## Your goal
Nothing but the lines below from the first through the one with "Klapki wykonane z" should appear, printed exactly; please leave pictures out.

BEGIN Study material

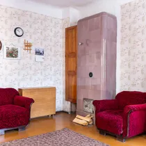 В квартире печное отопление. Газовая плита и дровяная плита.
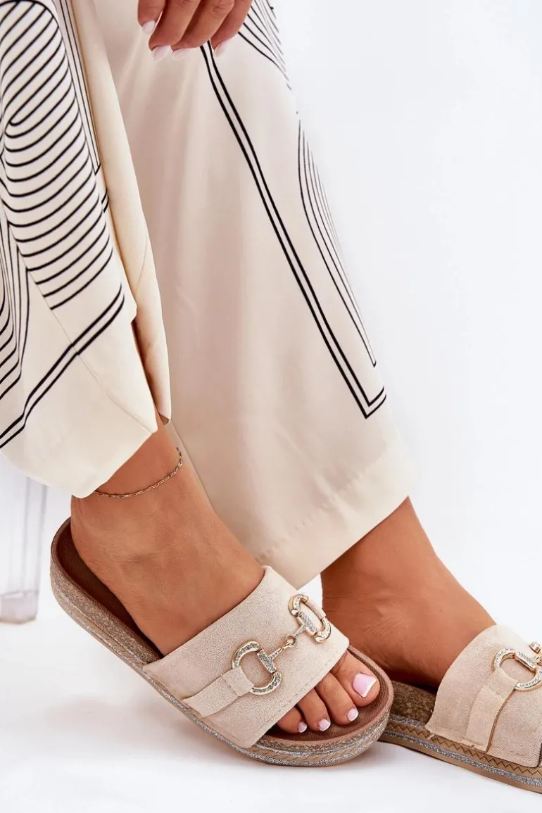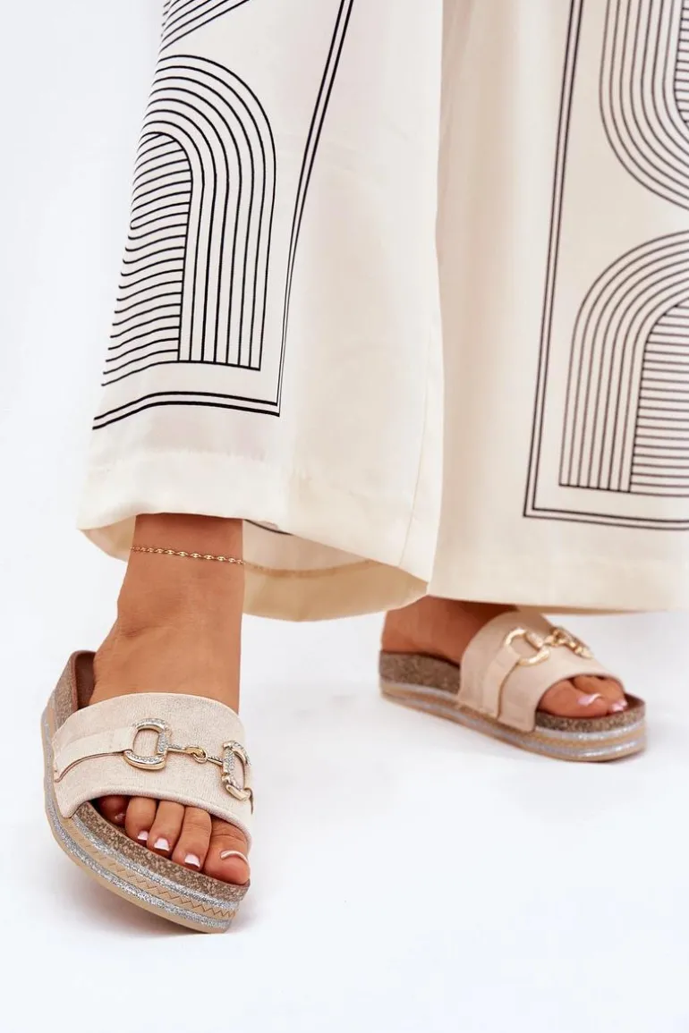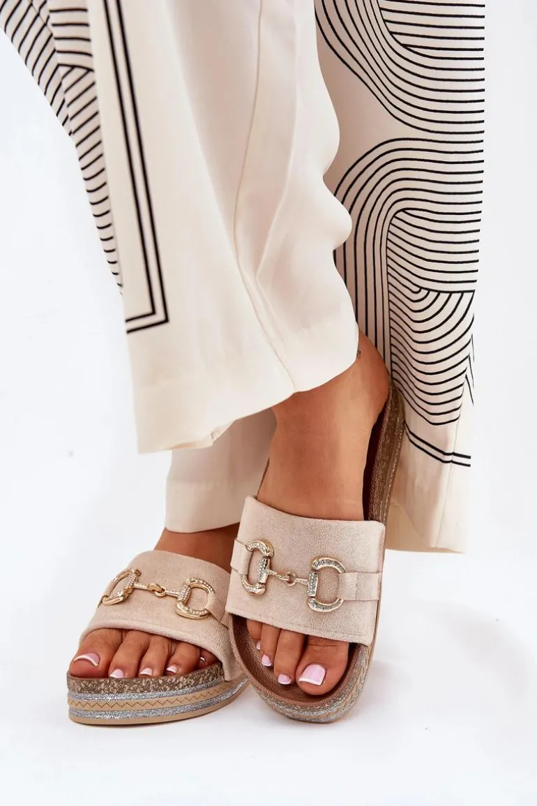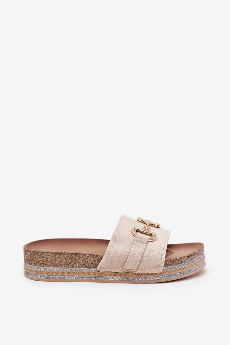 Klapki wykonane z eko zamszu. Z przodu ozdobny złoty detal, który nadaje im subtelnego blasku. Osadzone na platformie ozdobionej brokatem, które wprowadzają odrobinę glamour do każdej stylizacji. Profilowana wkładka zapewnia wygodę przez cały dzień. Idealne na letnie dni, te klapki doskonale pasują do sukienek, spódnic czy spodni, łącząc modny wygląd z funkcjonalnością. Przy wyborze rozmiaru rosimy sugerować się tabelą rozmiarów.
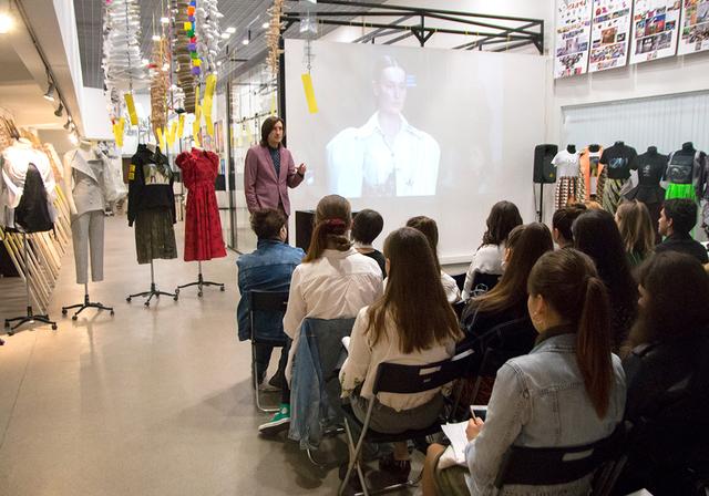Особенного внимания со стороны гостей конференции заслужили работы студентов 4-го курса. Свои будущие дипломные проекты они тоже посвятили киноискусству, выбрав киноклассику прошлых лет. В докладах студенты рассказали о творческом процессе создания проектов от идеи до воплощения, завершив выступление фотоотчётом с весенней Недели моды Mercedes-Benz Fashion Week Russia, где уже успели представить свои авторские коллекции.
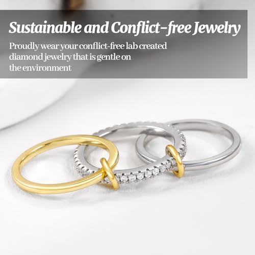 RINEY&KY 18K Gold Plated Moissanite Stackable Rings for Women, Two Tone Interlocking 3 Ring Set S925 Silver Stacking Ring Non Tarnish Dainty Everyday Statement Lab Diamond Eternity Wedding Band Certified Moissanite Gemstone Size 5-10US 4
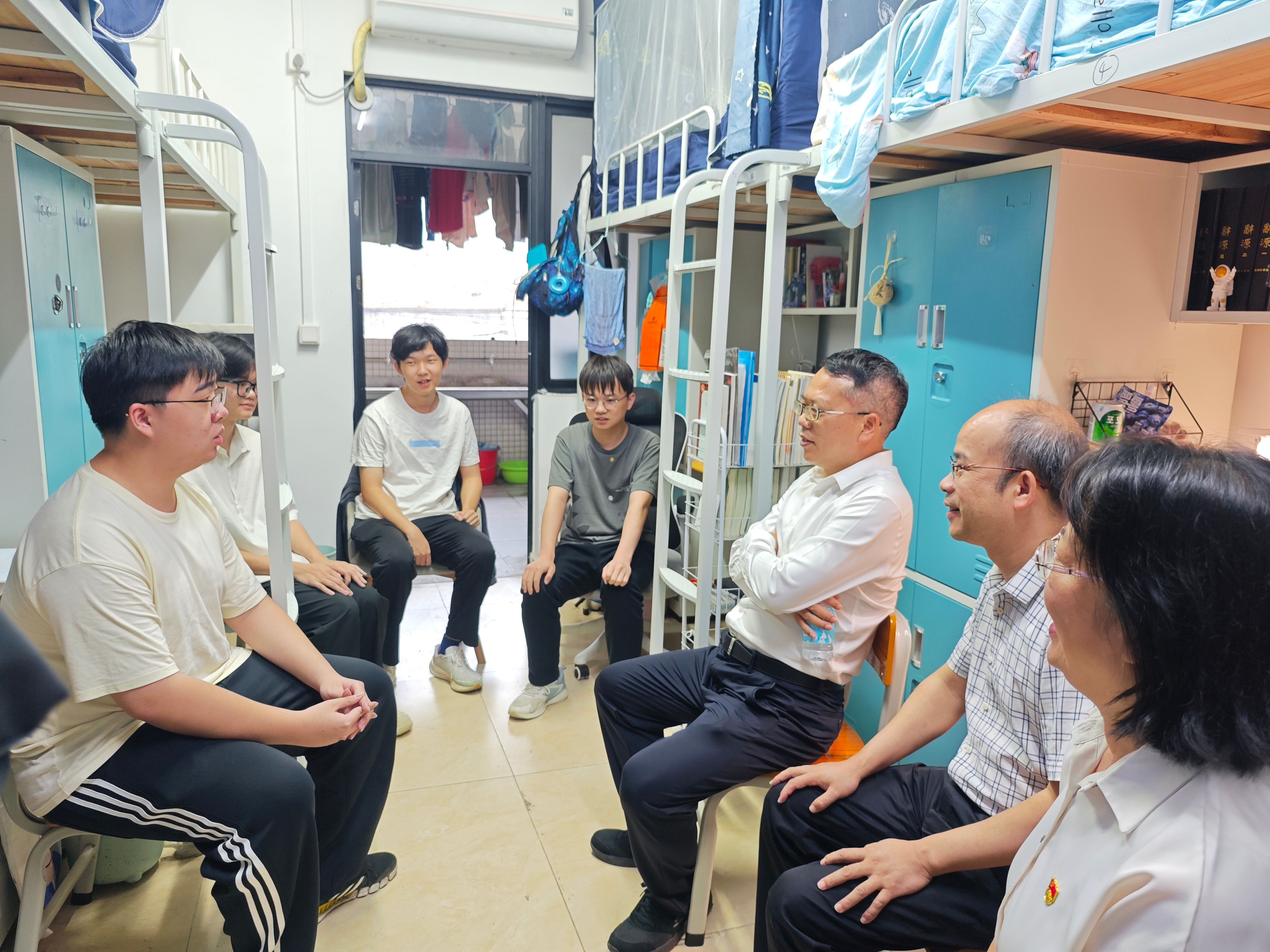 会后,胡文涛深入走访学生宿舍,实地了解学生思想动态、学习生活和就业等情况。
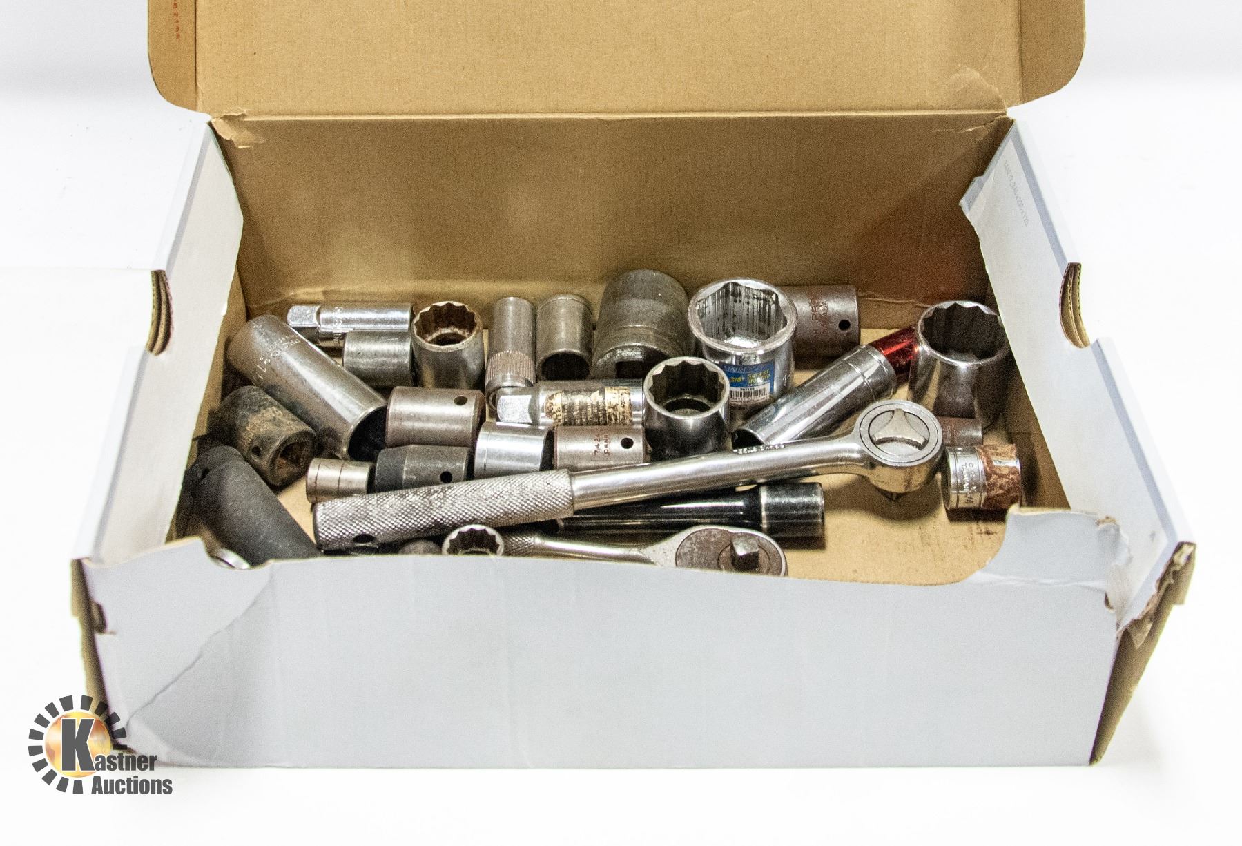 BOX OF HD SOCKETS, 1/2 AND 3/8 RATCHET DRIVES PLUS

END Study material

## Answer below
 В квартире печное отопление. Газовая плита и дровяная плита.
 Klapki wykonane z eko zamszu. Z przodu ozdobny złoty detal, który nadaje im subtelnego blasku. Osadzone na platformie ozdobionej brokatem, które wprowadzają odrobinę glamour do każdej stylizacji. Profilowana wkładka zapewnia wygodę przez cały dzień. Idealne na letnie dni, te klapki doskonale pasują do sukienek, spódnic czy spodni, łącząc modny wygląd z funkcjonalnością. Przy wyborze rozmiaru rosimy sugerować się tabelą rozmiarów.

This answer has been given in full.